Le pouvoir gabonais vient peut-être de découvrir le danger des soutiens trop zélés. À force de vouloir défendre un régime avec excès, certains propagandistes finissent par devenir des bombes à retardement pour ceux qu’ils servent. La dernière sortie du journaliste camerounais Raoul Mbia en est aujourd’hui la parfaite illustration.
Dans un climat social déjà extrêmement tendu au Gabon, marqué par la montée de la pauvreté, le sentiment d’injustice, les accusations de favoritisme, la répression des voix critiques et le malaise persistant autour de la présence d’étrangers dans les sphères stratégiques du pouvoir, la déclaration de Raoul Mbia sonne comme une provocation de trop.
Lors d’un échange houleux avec un activiste camerounais, le journaliste, connu pour son militantisme assumé en faveur du régime de Brice Clotaire Oligui Nguema, a lâché une phrase qui provoque désormais un profond malaise, jusque dans certains cercles du pouvoir :
« Il y a dans le gouvernement gabonais, et à la tête de plusieurs entreprises du Gabon, des ressortissants camerounais. »
Une sortie explosive.
Une sortie irresponsable.
Une sortie politiquement dangereuse.
Car, au Gabon, la question de la souveraineté nationale reste l’un des sujets les plus sensibles de ces dernières années. Depuis longtemps, une partie de l’opinion publique dénonce ce qu’elle considère comme une “légion étrangère” influente dans les rouages de l’État. Beaucoup espéraient justement qu’avec la transition politique actuelle, cette perception serait corrigée, ou au moins apaisée.

Mais voilà qu’un journaliste étranger, dans un excès de militantisme politique et de “kounabélisme” exacerbé, vient lui-même confirmer publiquement ce que le pouvoir tente précisément d’éviter de mettre au centre du débat national.
Le problème, ici, ne réside pas seulement dans le fond des propos. Il réside surtout dans leur légèreté, leur timing et leur irresponsabilité. Un journaliste sérieux sait qu’il existe des sujets qu’on manipule avec prudence lorsqu’il s’agit de la stabilité d’un pays. La souveraineté, l’identité nationale et les équilibres communautaires ne sont pas des thèmes de clash sur les réseaux sociaux.

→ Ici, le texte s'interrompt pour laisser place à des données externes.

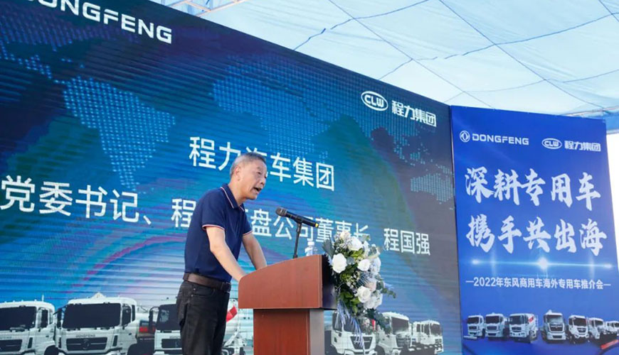 5月27日上午,陽光明媚晴空萬里,在風景如畫花園式的程力新廠底盤大樓廣場上,程力汽車集團與中國東風汽車工業進出口有限公司,聯袂舉行了一場隆重而又別開生面的“深耕專用車,攜手共出海”商用車新產品大型推薦會。

En voulant démontrer qu’il défend le Gabon plus que les Gabonais eux-mêmes, Raoul Mbia vient surtout de placer dans une situation délicate de nombreuses personnalités proches du pouvoir, souvent déjà accusées par certains d’occuper des fonctions stratégiques malgré des origines étrangères ou des liens familiaux extérieurs au Gabon.
Pire encore, cette sortie risque d’alimenter :
- le rejet des citoyens d’origine étrangère ;
- les discours xénophobes ;
- les tensions sociales ;
- et une dangereuse fracture entre populations.
C’est précisément pour éviter ce type de dérive qu’un professionnel des médias est censé faire preuve de retenue. Le journalisme n’est pas le fanatisme politique. Le rôle d’un journaliste n’est pas d’attiser les frustrations populaires pour prouver sa loyauté envers un régime.
Au sein même du pouvoir, plusieurs observateurs voient déjà cette déclaration comme une faute politique majeure. Car, en quelques mots, Raoul Mbia vient fragiliser le discours officiel sur la souveraineté retrouvée et donner des arguments à tous ceux qui accusent le régime d’avoir simplement remplacé une influence par une autre.
Le plus ironique dans cette affaire reste que celui qui voulait apparaître comme le défenseur acharné du régime pourrait finalement devenir l’un de ses plus gros embarras médiatiques.
Après avoir été rejeté dans plusieurs espaces médiatiques de la sous-région, le journaliste camerounais semble avoir trouvé au Gabon un terrain favorable à son style fait de propagande agressive et de militantisme excessif. Mais cette fois, son excès de zèle pourrait coûter cher au camp qu’il prétend défendre.
Les autorités gabonaises doivent désormais prendre leurs responsabilités face à la dérive de certains communicants devenus incontrôlables. Car, lorsqu’un soutien politique étranger commence à parler des équilibres internes du pays avec autant de légèreté, il ne protège plus le pouvoir : il l’expose.
Le Gabon mérite mieux que des pyromanes médiatiques cherchant à exister à travers le vacarme et la provocation. Il mérite du sérieux, de la retenue et du respect envers un peuple déjà éprouvé par les tensions sociales et politiques.